14. Beyoncé, Beyoncé
We will all need three or four more years to process this opus, but it's Queen B's answer to the invasion of Normandy, commanding the entire planet to Monica Lewinsky on her gown. Has anyone lavished so much brilliance on a concept album about her God-given ass? Never! And the idea of B taking only 45 minutes to get dressed is hilarious in itself.

15. Roomrunner, Ideal Cities
Full disclozh: I am sometimes (and 100 percent justly) mocked at the Rolling Stone offices for how much I heart the Nineties. When MTV did a Beavis and Butt-Head reboot a couple years ago, my editors had a secret bet on whether I could write about it without mentioning Pavement. (Honestly I didn't even get through the first graf before I was saying things like "the post-Joe E. Tata era" and "like driving a Bratmobile through a Neutral Milk Hotel.") So I can't front. I Love This Band Because They Sound Like the Fucking Nineties. In fact, this debut could be prime Arcwelder, though I don't blame you for hearing Nirvana instead. Happy? Hey man, nice shot.

16. 2 Chainz, B.O.A.T.S. II: Me Time
2 Chainz is the AC/DC of our time, both in his devotion to a formula (chorus = repeat title four times) and the awesomeness of said formula. This is his Dirty Deeds Done Dirt Cheap. Nobody can match him when it comes to boasting about his kitchen appliances. Best line, from "Fork": "My stove deserve a shout-out, I'm like, What up, stove?"

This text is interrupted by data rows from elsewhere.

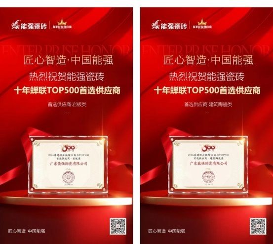 广东能强陶瓷有限公司凭借强大的品牌实力与行业口碑,一举斩获「建筑陶瓷类」与「岩板类」TOP500首选供应商双料大奖。这是能强瓷砖连续第十年获此殊荣,不仅是行业对能强产品与服务的高度认可,更是品牌深耕建筑陶瓷领域的实力见证。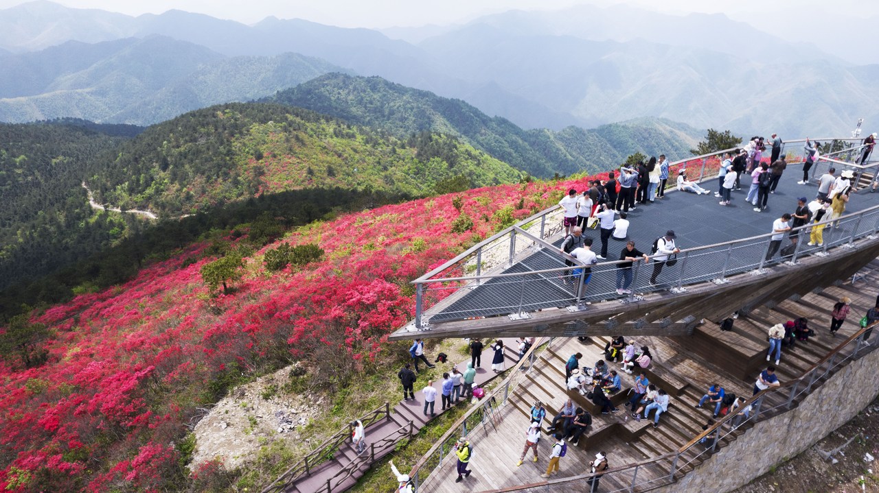 发表时间:2025-05-07 07:58 “五一”假期,不少外地游客冲着“山里看海”这一新鲜词,选择到云和县石塘镇长汀村逆向游。在这里,远望是潋滟旖旎的青山绿水,近看是清爽干净的淡水沙滩。 时下,City Walk热潮还未退去,Country Walk(村游)又开始流行。在丽水,“村游”资源尤为丰富,今年“五一”假期,散落在群山之中的各个村落,更是抓住这一机会,各显其能招引五湖四海的游客。 这段时间,遂昌县高坪乡茶树坪村漫山遍野的杜鹃花竞相绽放,绵延20余里,宛如一幅绚丽的画卷。以“花”为媒,茶树坪村在“五一”期间打造了万亩杜鹃赏玩长廊,吸引了众多游客前来观赏、摄影。5天假期,每天有数千人次争相来此登山打卡。
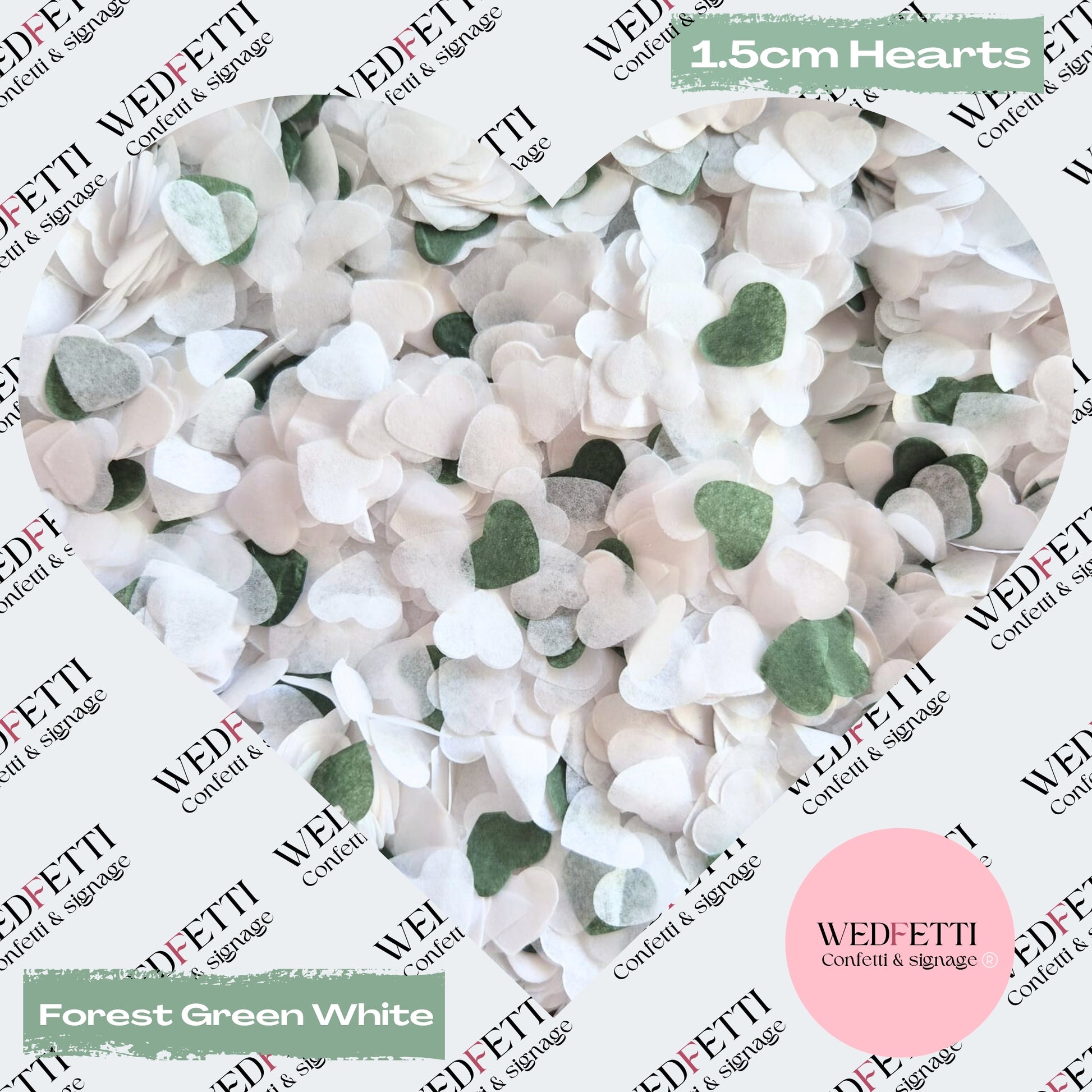 Slow falling, Biodegradable paper Confetti Hearts that are 1.5cm in diameter, you can either purchase in single servings which are either Small, Medium, and Large servings, or available to purchase in weighed grams.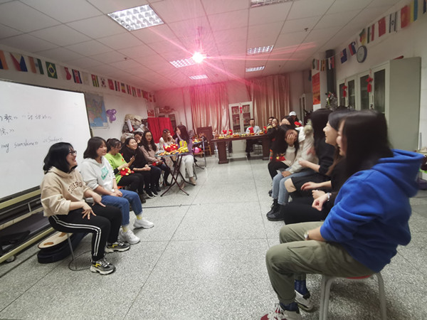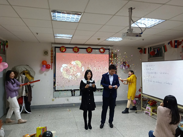 联欢会在师生照片的放映中拉开帷幕,此次联欢会形式多样,气氛活跃。晚会现场,节目异彩纷呈,气氛热烈,处处洋溢着青春活力。各年级代表进行节目表演,既有多国语言歌曲表演,又有曲乐悠扬的琵琶独奏,更有即兴舞蹈表演,整个教室气氛温馨而活跃,猜歌名、传递猜词等游戏环节加深了师生们之间的默契。最后伴随着一首《奔跑》,同学们写下心愿卡,寄托对来年的期许,晚会在大家的意犹未尽中落下帷幕。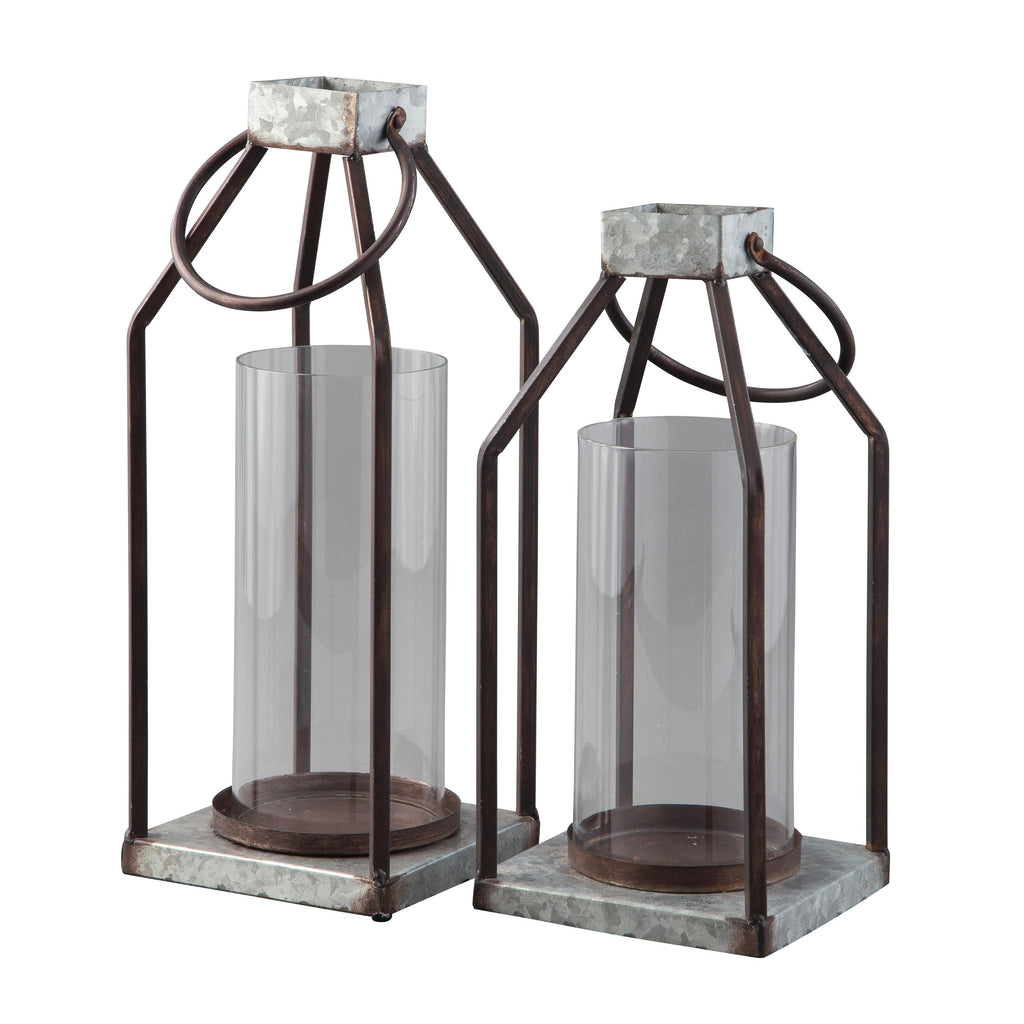 Whoever said you can’t illuminate in style? The pieces in this lantern set act as beautiful vessels for the romantic... Whoever said you can’t illuminate in style? The pieces in this lantern set act as beautiful vessels for the romantic glow of pillar candles, whether placed in an indoor or outdoor space. The galvanized metal offers decor versatility, and the top metal handle and glass hurricane shade make each lantern oh-so-easy to transport. View more

17. Pet Shop Boys, Electric
What a year for U.K. synth duos. Electric, the Pet Shop Boys' finest since Very, goes for pure rapture in "Vocal and "Inside a Dream." They bliss out to the deep house beats, quoting William Blake to reassure you they're still pretentious twits at heart.

18. Weekend, Jinx
A dark-wave power-goth masterwork, with postpunk grooves like "Sirens" and "Mirrors." This got strangely slept on, probably because people expect a band called Weekend to be into things like "fun" and "sunshine" and "Hawaiian shirts" and other concepts alien to this band. But the guitars capture that moment when the shoe you're gazing at kicks you in the forehead.

19. Deafheaven, Sunbather
I won't lie – I spent the 4th of July seeing an excellent Deafheaven show, loved every minute of it, and not once did it occur to me they were a metal band. I thought they were shoegaze guys who just liked to wear black leather gloves. (In my defense, my friends and I had just been music-on-demanding 2 Chainz and Nicki videos for 4 solid hours. Americaaaa!) I bought their album. I play it a lot. Now I know they are metal. Learning things is the best!

20. Destruction Unit, Deep Trip
I have no idea if drugs were involved in the making this album. Well, okay – drugs probably were the making of this album. Arizona guitar reptiles from the Sonoran Desert, specializing in psych-noise blowouts like "Night Loner." I haven't gone a week without playing Deep Trip since it dropped back in August. White light. White heat. Bands like this are what you did to the universe, Lou Reed. Thanks.